Failures in human extravillous trophoblast (EVT) development could be involved in the pathogenesis of pregnancy diseases. However, the underlying mechanisms have been poorly characterized. Here, we provide evidence that Notch signaling could represent a key regulatory pathway controlling trophoblast proliferation, motility, and differentiation. Immunofluorescence of first-trimester placental tissues revealed expression of Notch receptors (Notch2 and Notch3) and membrane-anchored ligands (delta-like ligand [DLL] 1 and -4 and Jagged [JAG] 1 and -2) in villous cytotrophoblasts (vCTBs), cell column trophoblasts (CCTs), and EVTs. Notch4 and Notch1 were exclusively expressed in vCTBs and in CCTs, respectively. Both proteins decreased in Western blot analyses of first-trimester, primary cytotrophoblasts (CTBs) differentiating on fibronectin. Luciferase reporter analyses suggested basal, canonical Notch activity in SGHPL-5 cells and primary cells that was increased upon seeding on DLL4-coated dishes and diminished in the presence of the Notch/γ-secretase inhibitors N-[N-(3,5-difluorophenacetyl-l-alanyl)]-S-phenylglycine t-butyl ester (DAPT) or L-685,458. Bromodeoxyuridine labeling, cyclin D1 mRNA expression, and cell counting indicated that chemical inhibition of Notch signaling elevated proliferation in the different primary trophoblast model systems. Notch inhibition also increased motility of SGHPL-5 cells through uncoated and fibronectin-coated Transwells, motility of primary CTBs, as well as migration in villous explant cultures on collagen I. Accordingly, small interfering RNA-mediated gene silencing of Notch1 also elevated SGHPL-5 cell migration. In contrast, motility of primary cultures and SGHPL-5 cells was diminished in the presence of DLL4. Moreover, DAPT increased markers of differentiated EVT, ie, human leukocyte antigen G1, integrin α5, and T-cell factor 4, whereas DLL4 provoked the opposite. In summary, the data suggest that canonical Notch signaling impairs motility and differentiation of first-trimester CTBs.
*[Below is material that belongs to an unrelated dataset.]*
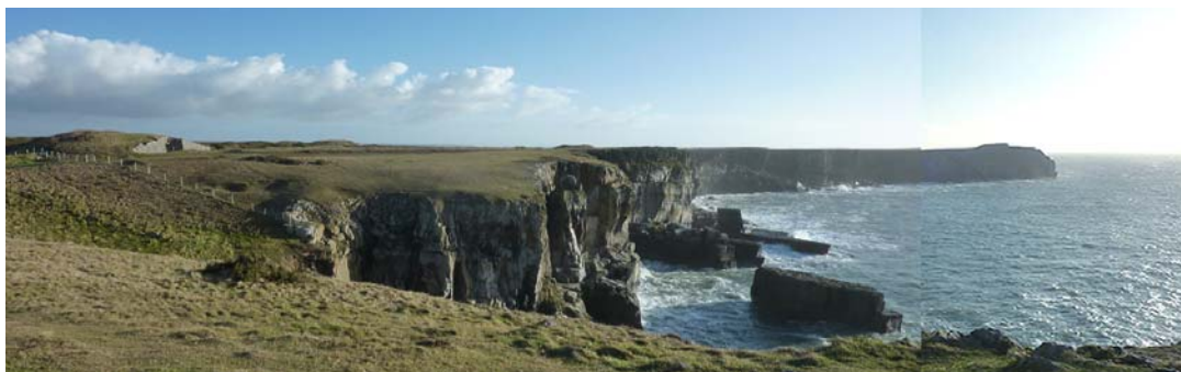
St Govan's Head from the west

人类绒毛外滋养细胞 (EVT) 发育失败可能与妊娠疾病的发病机制有关。然而,其潜在机制尚未得到充分描述。在这里,我们提供的证据表明,Notch 信号可能代表控制滋养细胞增殖、运动和分化的关键调节途径。对早孕期胎盘组织的免疫荧光显示,Notch 受体(Notch2 和 Notch3)和膜锚定配体(Delta-like 配体 [DLL]1 和-4 以及 Jagged [JAG]1 和-2)在绒毛细胞滋养细胞(vCTB)、细胞柱滋养细胞(CCT)和 EVT 中表达。Notch4 和 Notch1 分别仅在 vCTB 和 CCT 中表达。在纤维连接蛋白上分化的早孕期原代细胞滋养细胞 (CTB) 的 Western blot 分析中,两种蛋白的表达均减少。荧光素酶报告分析表明,SGHPL-5 细胞和原代细胞中存在基础的、经典的 Notch 活性,在接种 DLL4 包被的培养皿后增加,而在存在 Notch/γ-分泌酶抑制剂 N-[N-(3,5-二氟苯乙酰基)-L-苯丙氨酸]-S-苯甘氨酸叔丁酯(DAPT)或 L-685,458 时减少。溴脱氧尿苷标记、cyclin D1 mRNA 表达和细胞计数表明,Notch 信号的化学抑制可增加不同原代滋养细胞模型系统中的增殖。Notch 抑制还通过未包被和纤维连接蛋白包被的 Transwell 增加 SGHPL-5 细胞的运动性、原代 CTB 的运动性以及在胶原 I 上的绒毛外植体培养中的迁移。因此,Notch1 的小干扰 RNA 介导的基因沉默也增加了 SGHPL-5 细胞的迁移。相反,在 DLL4 存在下,原代培养物和 SGHPL-5 细胞的运动性降低。此外,DAPT 增加了分化的 EVT 标志物,即人类白细胞抗原 G1、整合素 α5 和 T 细胞因子 4,而 DLL4 则引起相反的作用。总之,数据表明,经典的 Notch 信号会损害早孕期 CTB 的运动性和分化。